**PROBLEM TO SOLVE**:
Starting at the line that contains "t38490【班德尔城】277皮肤 40炫彩 8臻彩", write out each line through the end of the data below, exactly as it stands. Skip any pictures.

**SUPPLIED INFORMATION**:

•••••

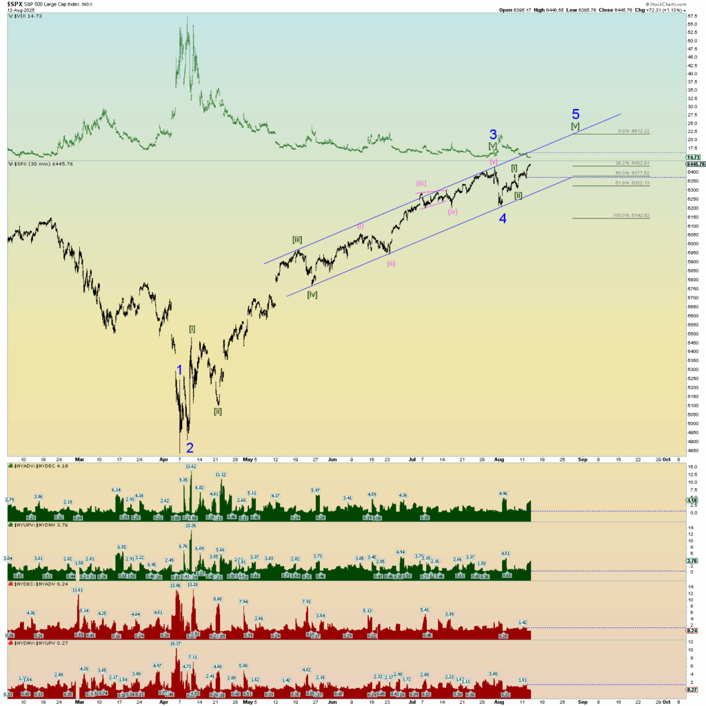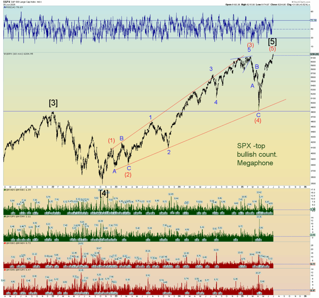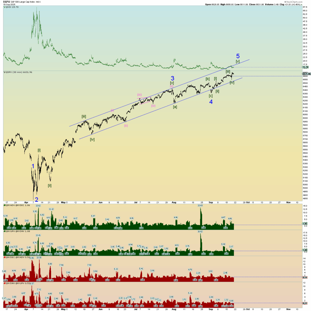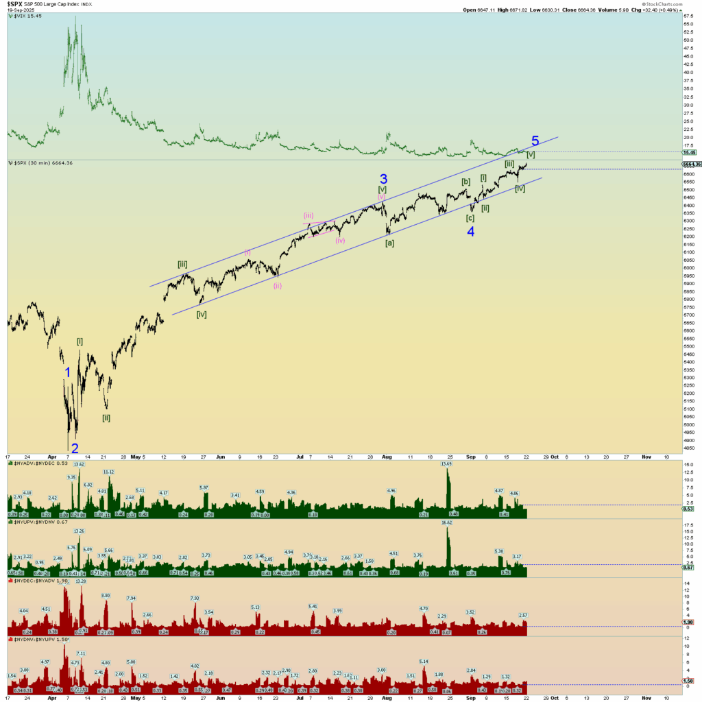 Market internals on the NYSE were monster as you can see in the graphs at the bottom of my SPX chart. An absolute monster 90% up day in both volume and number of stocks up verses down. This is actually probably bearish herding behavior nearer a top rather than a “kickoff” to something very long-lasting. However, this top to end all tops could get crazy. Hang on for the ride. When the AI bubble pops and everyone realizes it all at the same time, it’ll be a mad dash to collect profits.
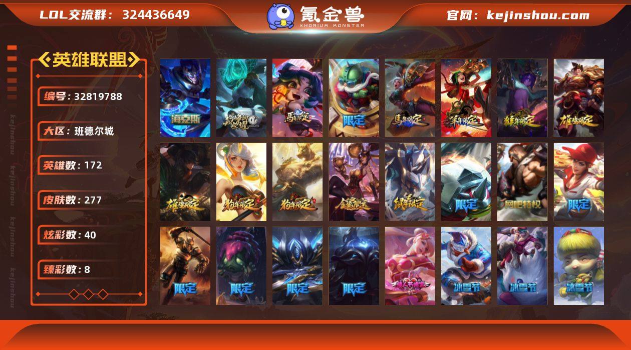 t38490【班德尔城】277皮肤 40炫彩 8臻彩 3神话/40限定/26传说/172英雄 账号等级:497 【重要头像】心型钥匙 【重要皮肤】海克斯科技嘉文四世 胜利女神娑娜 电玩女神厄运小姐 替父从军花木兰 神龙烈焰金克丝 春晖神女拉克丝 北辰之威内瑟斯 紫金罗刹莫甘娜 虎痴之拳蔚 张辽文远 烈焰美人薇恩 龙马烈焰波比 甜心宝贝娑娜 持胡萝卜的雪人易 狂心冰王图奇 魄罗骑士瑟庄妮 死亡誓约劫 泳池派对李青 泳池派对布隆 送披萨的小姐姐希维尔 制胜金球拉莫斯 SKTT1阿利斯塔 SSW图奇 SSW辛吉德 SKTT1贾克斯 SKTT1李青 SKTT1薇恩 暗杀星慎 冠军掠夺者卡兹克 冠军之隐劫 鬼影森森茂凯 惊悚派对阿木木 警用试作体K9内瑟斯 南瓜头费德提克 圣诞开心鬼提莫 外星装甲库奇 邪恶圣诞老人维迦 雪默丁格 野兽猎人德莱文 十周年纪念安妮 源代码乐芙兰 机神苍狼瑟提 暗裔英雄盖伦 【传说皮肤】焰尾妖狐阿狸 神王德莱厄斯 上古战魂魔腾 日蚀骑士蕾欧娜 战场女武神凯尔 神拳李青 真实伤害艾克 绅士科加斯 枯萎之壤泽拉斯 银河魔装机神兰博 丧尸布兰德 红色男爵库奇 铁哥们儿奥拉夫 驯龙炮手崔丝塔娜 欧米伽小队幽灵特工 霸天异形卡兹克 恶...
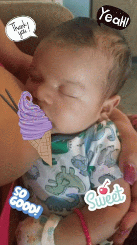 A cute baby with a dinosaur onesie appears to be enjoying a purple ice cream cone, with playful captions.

•••••

**RESPONSE TO THE EXERCISE**:
 t38490【班德尔城】277皮肤 40炫彩 8臻彩 3神话/40限定/26传说/172英雄 账号等级:497 【重要头像】心型钥匙 【重要皮肤】海克斯科技嘉文四世 胜利女神娑娜 电玩女神厄运小姐 替父从军花木兰 神龙烈焰金克丝 春晖神女拉克丝 北辰之威内瑟斯 紫金罗刹莫甘娜 虎痴之拳蔚 张辽文远 烈焰美人薇恩 龙马烈焰波比 甜心宝贝娑娜 持胡萝卜的雪人易 狂心冰王图奇 魄罗骑士瑟庄妮 死亡誓约劫 泳池派对李青 泳池派对布隆 送披萨的小姐姐希维尔 制胜金球拉莫斯 SKTT1阿利斯塔 SSW图奇 SSW辛吉德 SKTT1贾克斯 SKTT1李青 SKTT1薇恩 暗杀星慎 冠军掠夺者卡兹克 冠军之隐劫 鬼影森森茂凯 惊悚派对阿木木 警用试作体K9内瑟斯 南瓜头费德提克 圣诞开心鬼提莫 外星装甲库奇 邪恶圣诞老人维迦 雪默丁格 野兽猎人德莱文 十周年纪念安妮 源代码乐芙兰 机神苍狼瑟提 暗裔英雄盖伦 【传说皮肤】焰尾妖狐阿狸 神王德莱厄斯 上古战魂魔腾 日蚀骑士蕾欧娜 战场女武神凯尔 神拳李青 真实伤害艾克 绅士科加斯 枯萎之壤泽拉斯 银河魔装机神兰博 丧尸布兰德 红色男爵库奇 铁哥们儿奥拉夫 驯龙炮手崔丝塔娜 欧米伽小队幽灵特工 霸天异形卡兹克 恶...
 A cute baby with a dinosaur onesie appears to be enjoying a purple ice cream cone, with playful captions.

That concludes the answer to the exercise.